Шрифт:
Интервал:
Закладка:
Слушая рассказы Люсьена о Марокко, мама словно оказывалась внутри пронзительно-синего пейзажа Матисса. Он мельком упоминал, как навещал бабушку в деревне во Франции, а она погружалась в прустовские грезы. Ей казалось, еще чуть-чуть — и дотронешься до тонких фарфоровых чашек в салоне grand-mere[7], услышишь, как тихо побрякивают ее жемчуга. Маленькие подарки Люсьена, например марокканский кожаный кошелечек с тиснеными золотыми звездами, были не просто вещами, но воплощением свободы, далекой и загадочной. «Сувенир с воли для заключенного», как она сейчас их называет. О женитьбе они никогда не говорили. Люсьен пробыл в Москве всего две недели. Но, даже просто сжимая его не по-русски мягкую ладонь, мама чувствовала, что ее извечное отчуждение становится почти осязаемым, оформленным желанием: физически освободиться от советской действительности.
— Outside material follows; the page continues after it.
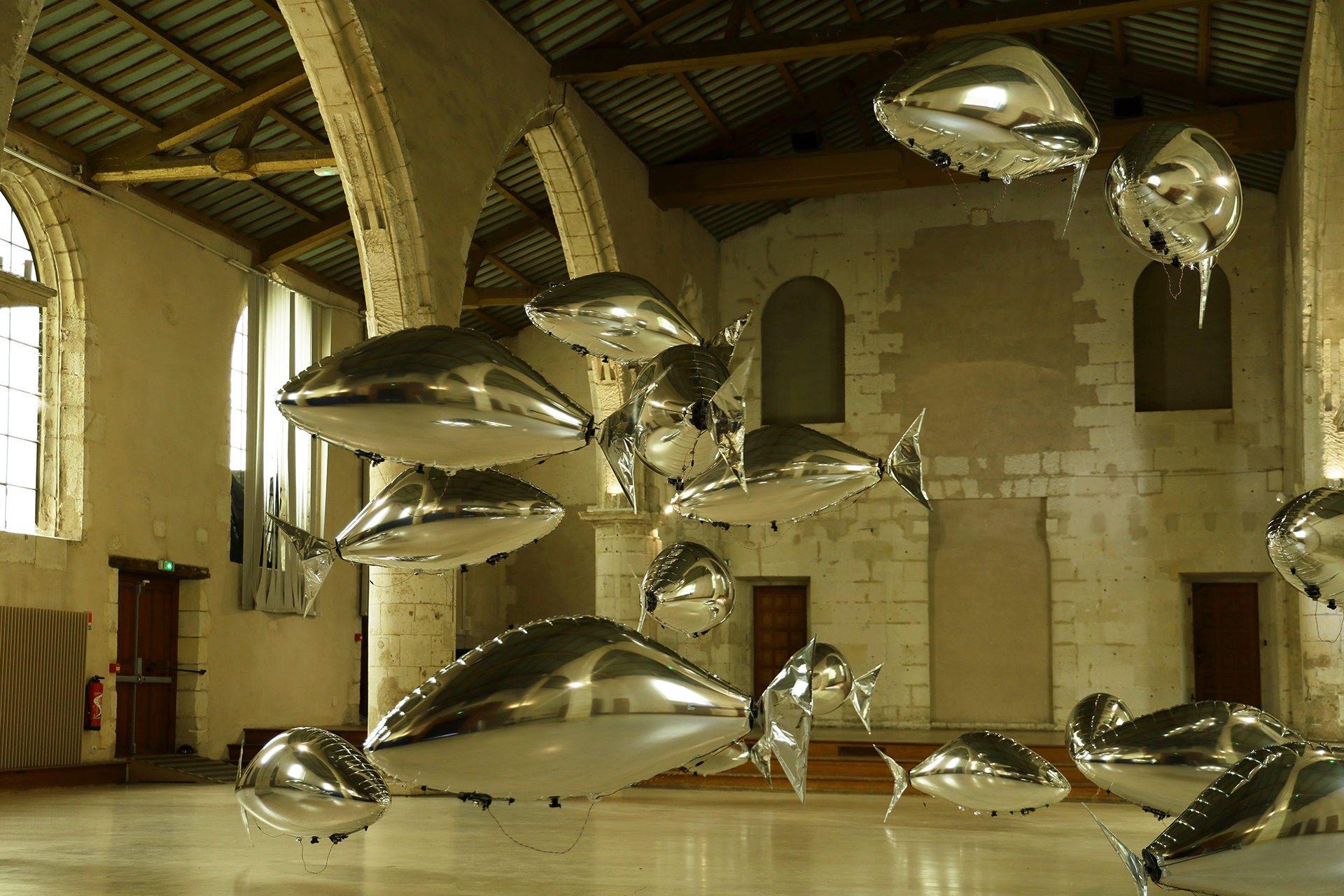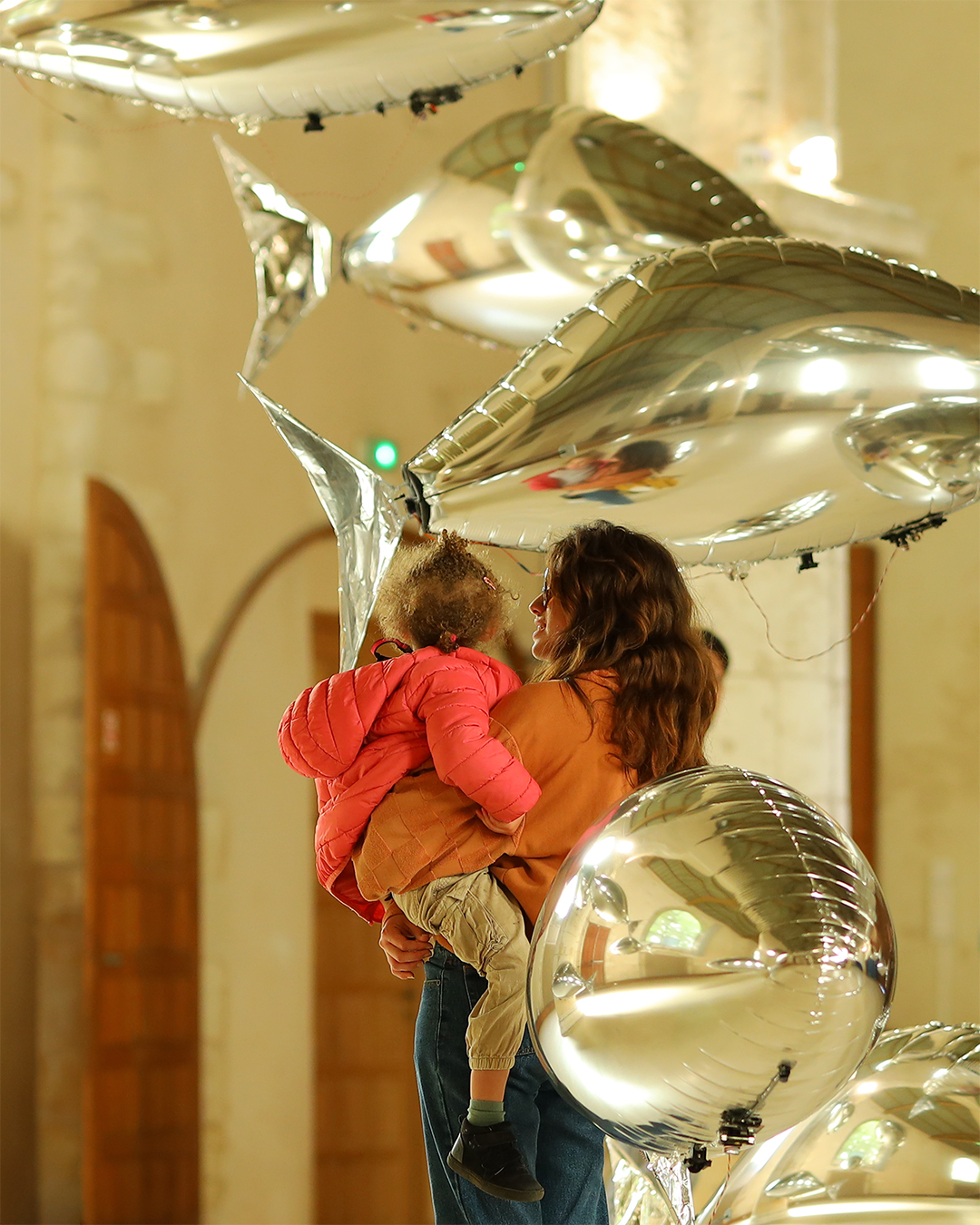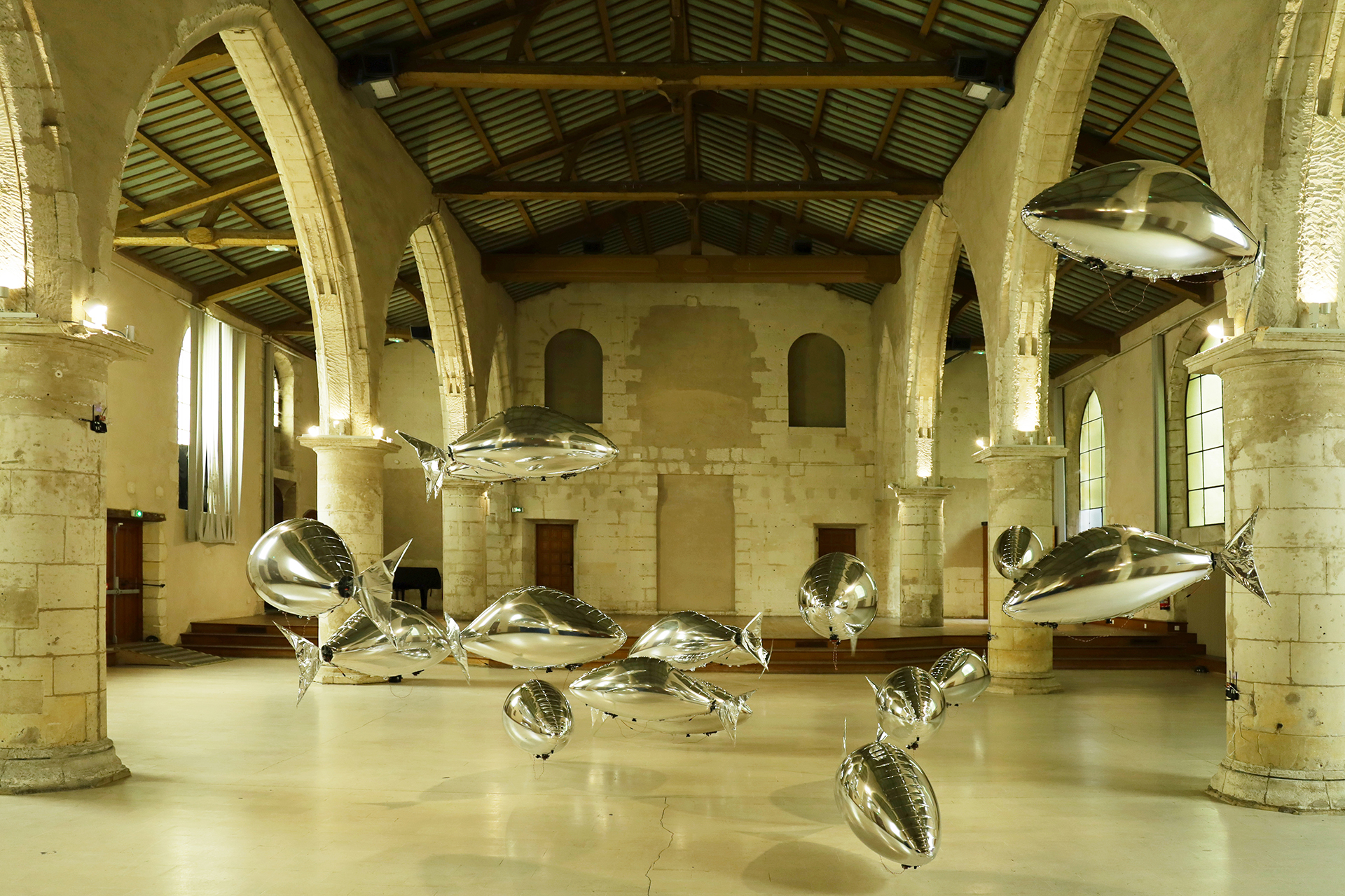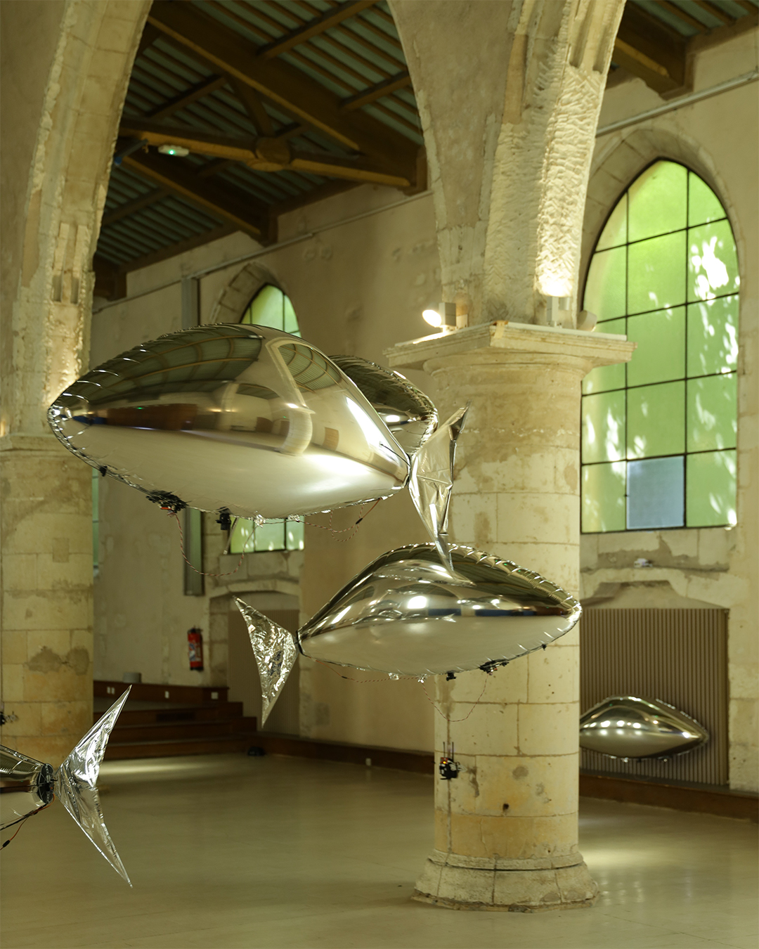 FLOCK OF by bit.studio - Discover the supernatural nature of floating fish. An immersive installation art that presents a spectacle of a school of fish soaring through the air, transformation into a flock of fish. Traverse the borderlands of art and technology.

В жарком августе 1957 года, когда Люсьен уехал, подарив ей «Жерминаля» Золя со страстной надписью на эсперанто, мама уже знала, что тоже уедет. Это случилось двадцать без малого лет спустя, а до того мама воображала, что живет в собственном четвертом измерении вне советского пространственно-временного континуума.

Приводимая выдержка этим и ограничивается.